12:50 PM Wed, Oct 29, 2008 | | Write the first comment
By Katherine Gregg    Email this author |   Email this entry

PROVIDENCE -- At the rate recession-wary Rhode Islanders are buying Lottery tickets and playing their favorite video slot machines, the state's gambling receipts will fall $11.1 million behind estimates for the year.

State Lottery officials delivered the grim news this morning at a State House meeting of the second and last of this year's official Revenue & Caseload Estimating Conferences.
At their last meeting in May, the revenue estimators -- who include the state budget director and top fiscal advisers to the House and Senate -- anticipated an overall $365.5 million from the sale of traditional Lottery tickets and video-slot play at Twin River and Newport Grand.

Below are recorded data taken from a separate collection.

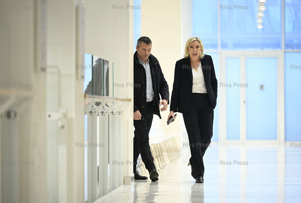 Légende : Procès des assistants parlementaires européens du Front national, devenu Rassemblement national. Marine Le Pen et le RN sont accusés d'avoir organisé un système permettant d'employer des assistants parlementaires européens pour le parti. Marine Le Pen /// Trial of the European parliamentary assistants of the Front National far-right party, which became the Rassemblement National. Marine Le Pen and the RN are accused of having organized a system allowing the employment of European parliamentary assistants for the party. Marine le Pen - Paris - 19/11/2024 - Photo © Lionel Préau +33 (0)6 68 12 83 77
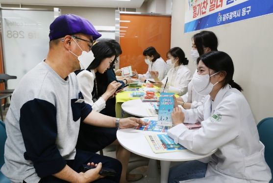구는 최근 이번 사업 첫 대상지인 롯데백화점 광주점에서 건강 관리 서비스(건강 상담·혈압 및 혈당 측정·심방세동 검사)와 함께 걷기 모바일 앱 설치, 직원 대상 ‘걷기 챌린지’ 등을 진행했다.
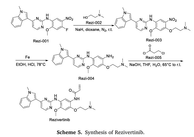 The synthesis of Rezivertinib, illustrated in Scheme 5, initiates with nucleophilic substitution reaction between Rezi-001 and Rezi-002,affording Rezi-003 [23]. Fe-mediated reduction of Rezi-003 yields
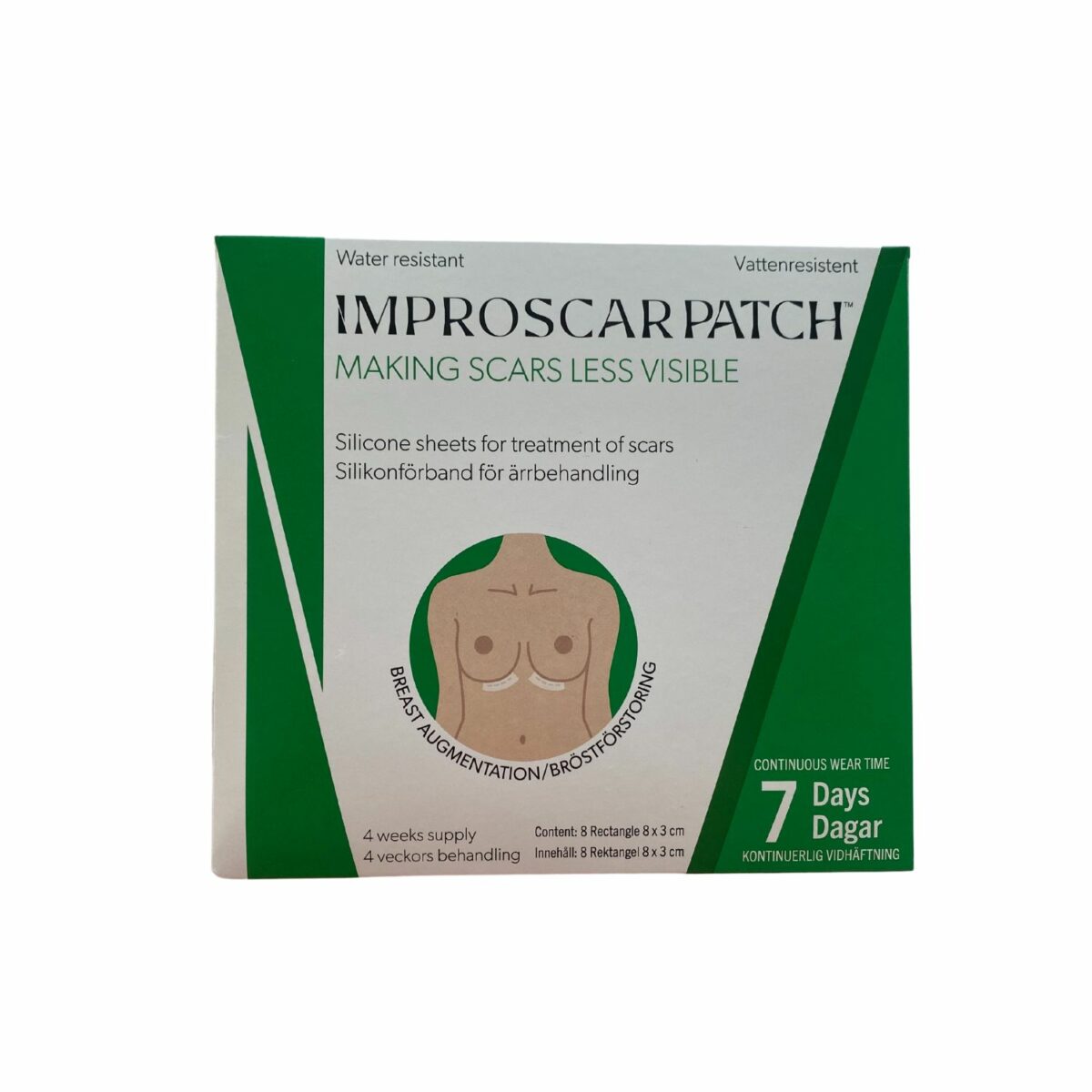 Improscar Patch – Mărire a sânilor este un plasture subțire, transparent, realizat din silicon medical, destinat tratamentului cicatricilor apărute în urma intervențiilor de augumentare mamară (implanturi mamare).
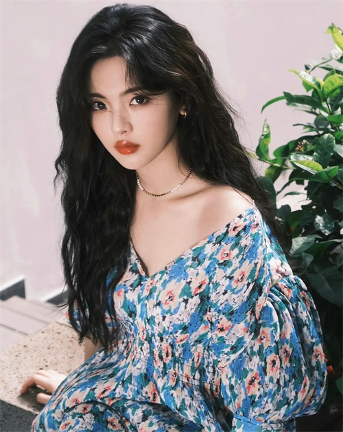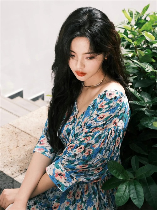 露肩深V碎花裙,又纯又欲。
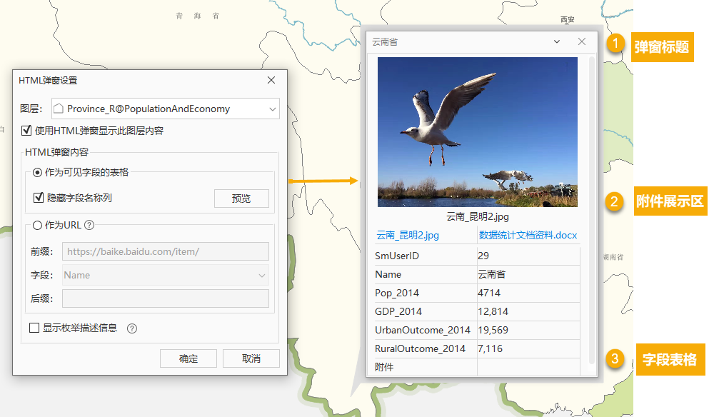 HTML弹窗查看(交互):在地图窗口点击对象,触发并浏览已配置好的弹窗内容。
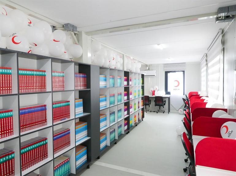 Kızılay’ın prefabrik kütüphanesinden, Kızılay Genel Başkanı Yılmaz ın ders verdiği tıp fakültesine
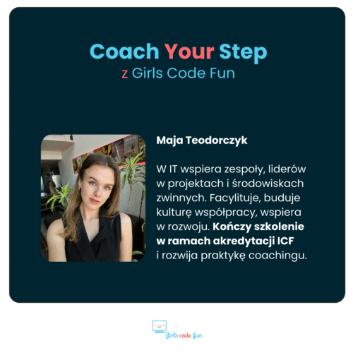 Maja Teodorczyk. For several years, she has been working in the IT industry, supporting teams and leaders in agile projects and environments. She focuses on facilitation, building a culture of collaboration, and supporting people in their development – and this naturally led her toward coaching.
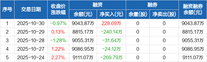 奥泰生物:融资净买入228.69万元,融资余额9043.87万元(10-30)
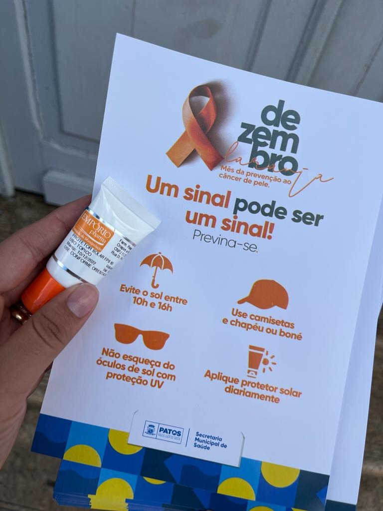 A Secretaria Municipal de Saúde de Patos, por meio da Gerência de Atenção Especializada e do Centro de Especialidades Frei Damião, realizou na manhã desta sexta-feira (16), um Pit Stop de conscientização no semáforo da Prefeitura de Patos, no Centro da cidade, com a distribuição de panfletos educativos e amostras de protetor solar cedidos pela empresa Empório Pharma. A campanha também conta com o apoio das empresas Roval, Megapharma e Pharmapele.
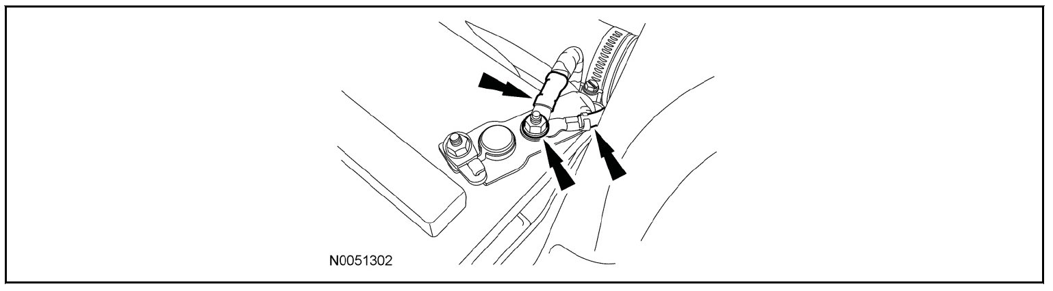 4. Remove the nut and separate the leads from the battery positive cable and position aside.
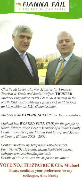 Leaflet from Michael Fitzpatrick -Fianna Fail -Kildare North 2007 General Election » mfitzkildare07b
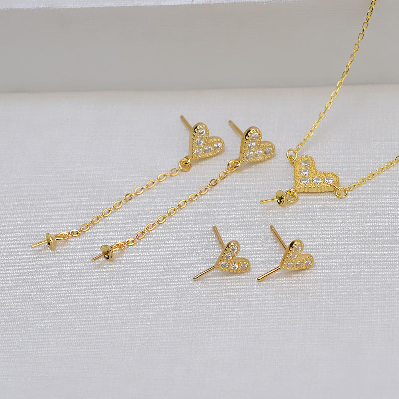 ขาตั้งต่างหูเงินแท้ S925 รูปหัวใจ สำหรับทำเครื่องประดับมุก DIY ขนาด 8-11 มม. รูปหัวใจสีพีช ขาตั้งเปล่า 5817 ชุดเครื่องประดับแฟชั่น
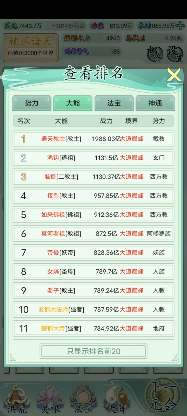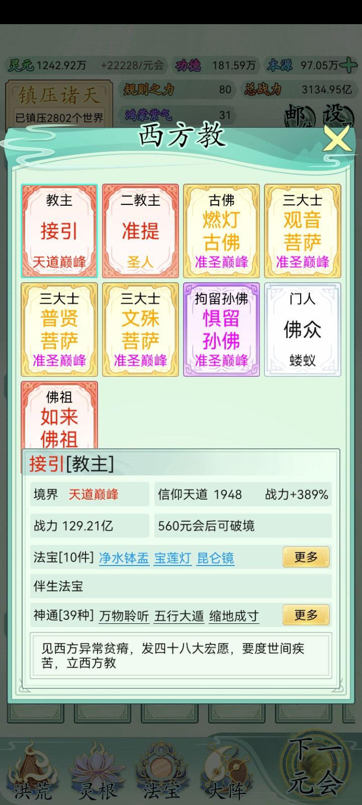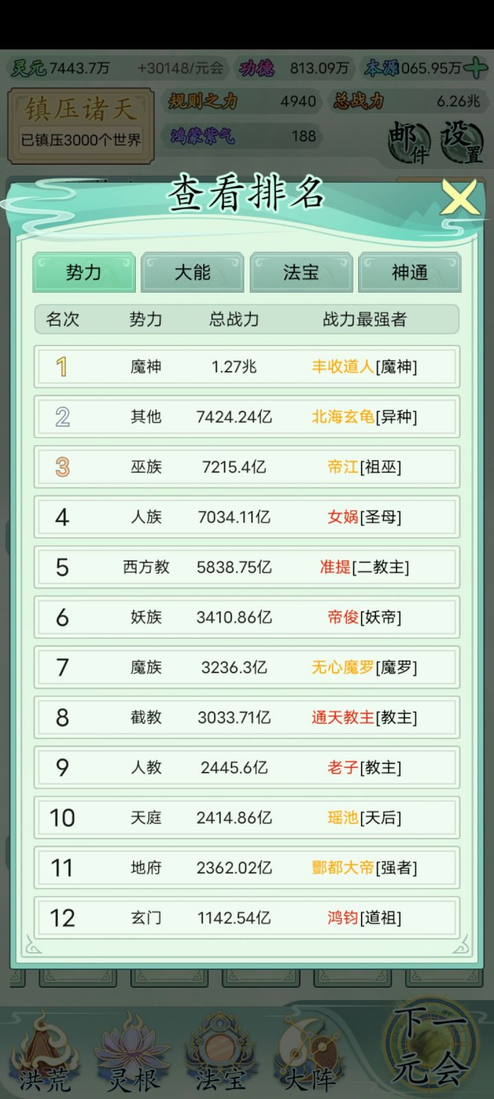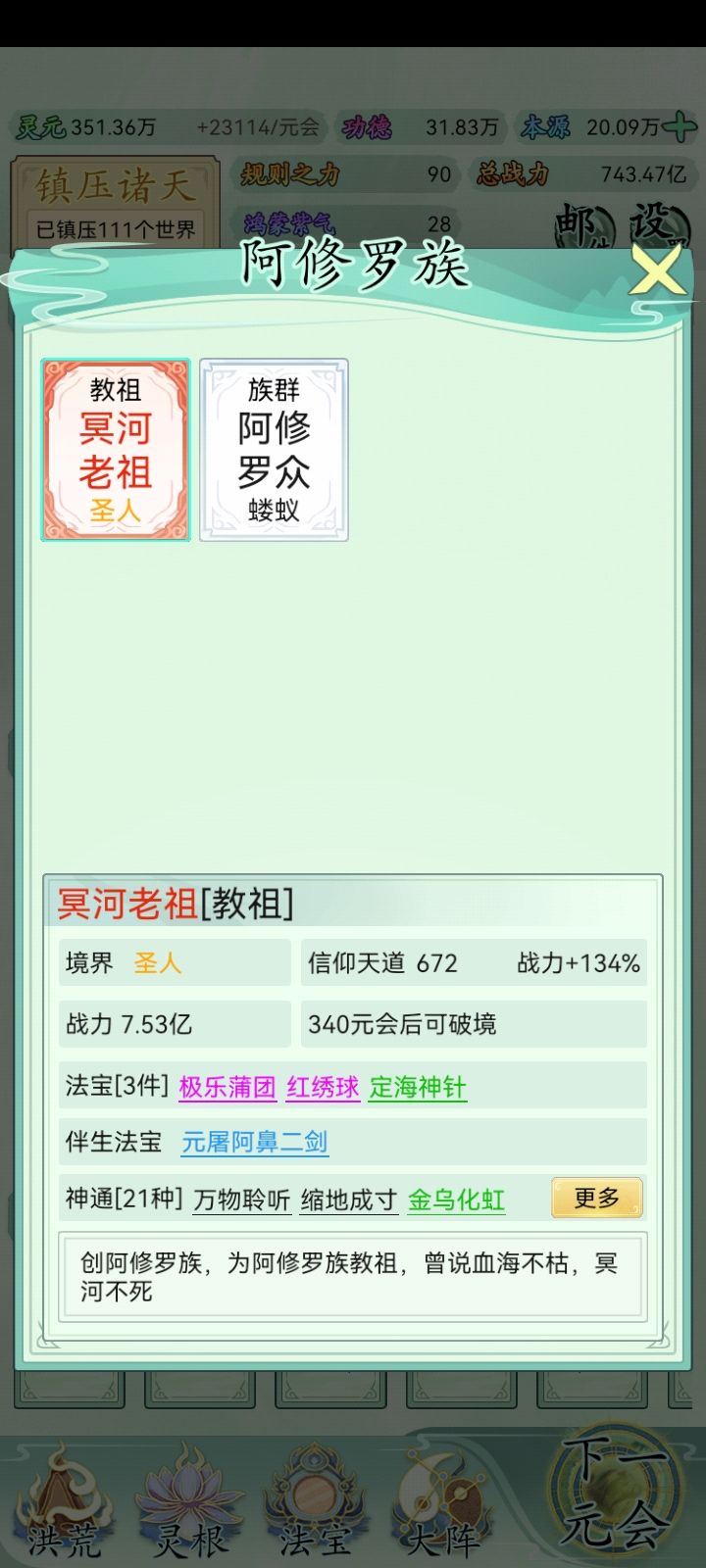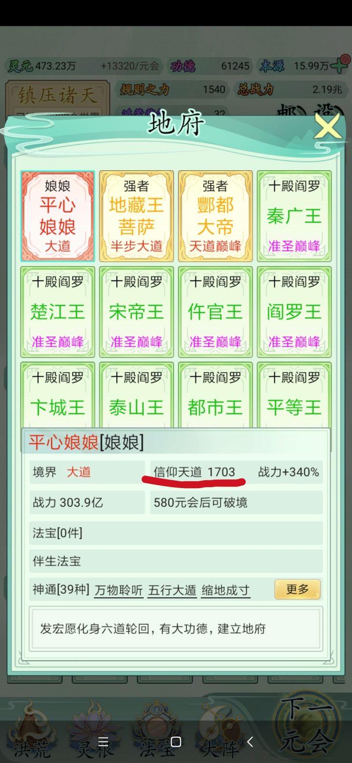 也玩了一小段时间了比不上大佬但还是说一下吧希望大家可以看见前期没灵元可以先把大阵解锁全部调整加灵元灵根尽量升满然后就是各族使命可以用推荐先全部堆灵元足够了看需求再换还有量劫一定要提前化解不然还是会发生还有就是神通和金榜个人觉得这是最主要最容易提升战力的两个方法你看你要养谁就可以给谁先学神通可以无限刷新给谁学不过需要足够的本元还有打入侵一定要百分百再打我百分之九十八被打掉境界过难受的一匹后期然后就是圣位前期能升成圣的一定要升不然战力加太慢了女娲伏羲在龙汗浩劫到准圣就可以在下一浩劫转阵容会转两次到人族之后就可以正常正道成圣了天帝和瑶池也要转阵容才能成圣后土也需要转到地狱但具体我不晓得怎么成圣我是把她地府两个橙色的升到圣人巅峰她突然就成圣了的哦对了还有天命之子可以多一倍的修行速度这个也是看你要养谁
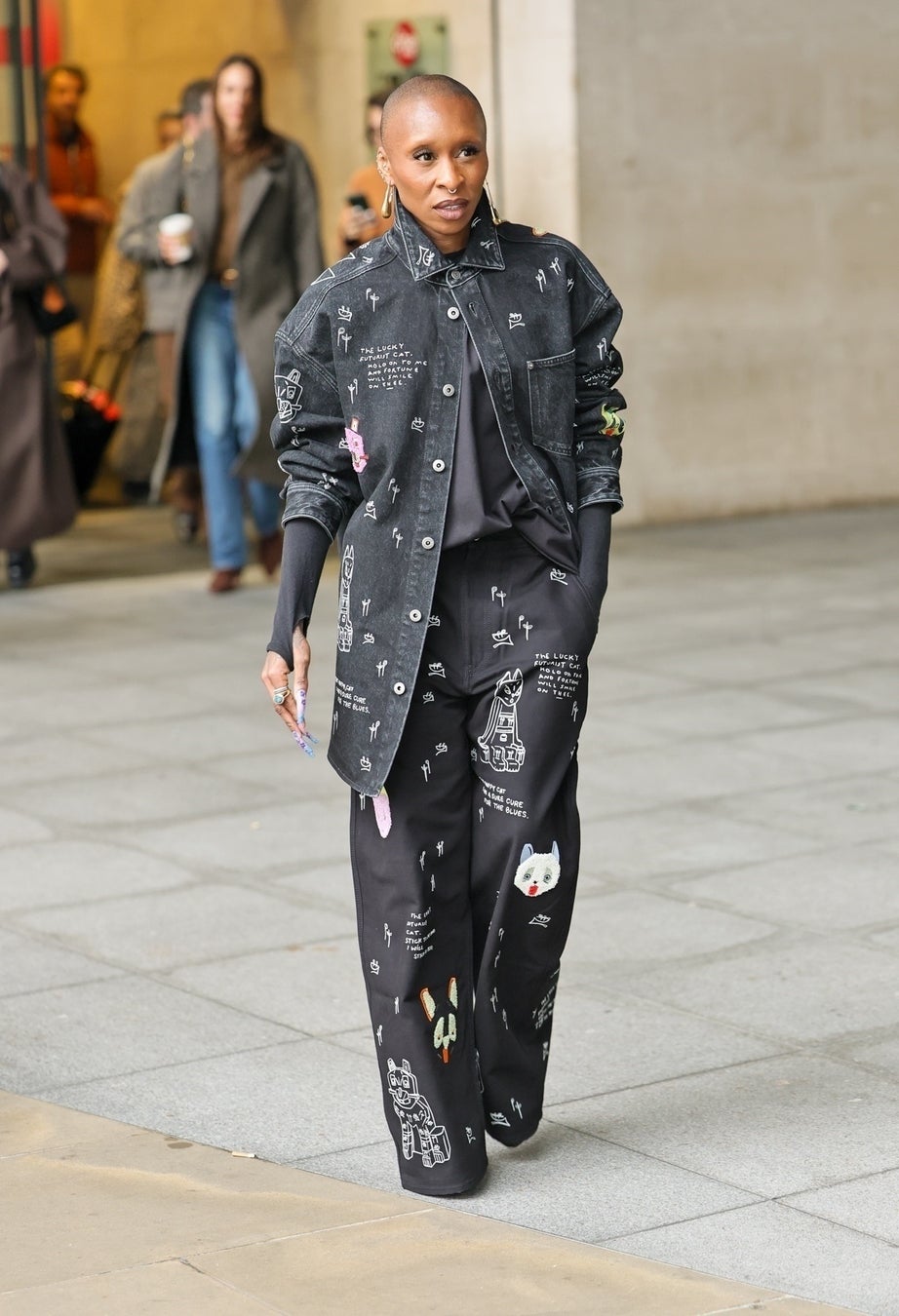 2025年11月10日、イギリス・ロンドンのBBCラジオスタジオで開催された《ウィキッド 永遠の約束》のプロモーションイベントにて、俳優のシンシア・エリヴォがロエベを着用しました。

But Rhode Island is now seeing the downturn that is playing out nationwide in the gambling industry. The state's Daily Numbers game was down 2.69 percent during the first three months of the year that began on July 1, compared to the same three-month stretch a year ago; Keno sales were down 7.06 percent; Powerball sales, down 15.14 percent.

There were bright spots, including a 4.96-percent in instant ticket sales, but the video slots at Twin River and Newport Grand that have been the big-moneymakers also trailed last year's collections during a comparable period by 0.19 percent. While recent renovations moved players from one location to another at Newport Grand, they said the investments have not boosted business.

Were these trends to continue, Lottery director Gerald Aubin and CFO Dan Sarro said the Lottery's contribution to state coffers would be closer to $354.4 million, than the projected $365.5 million.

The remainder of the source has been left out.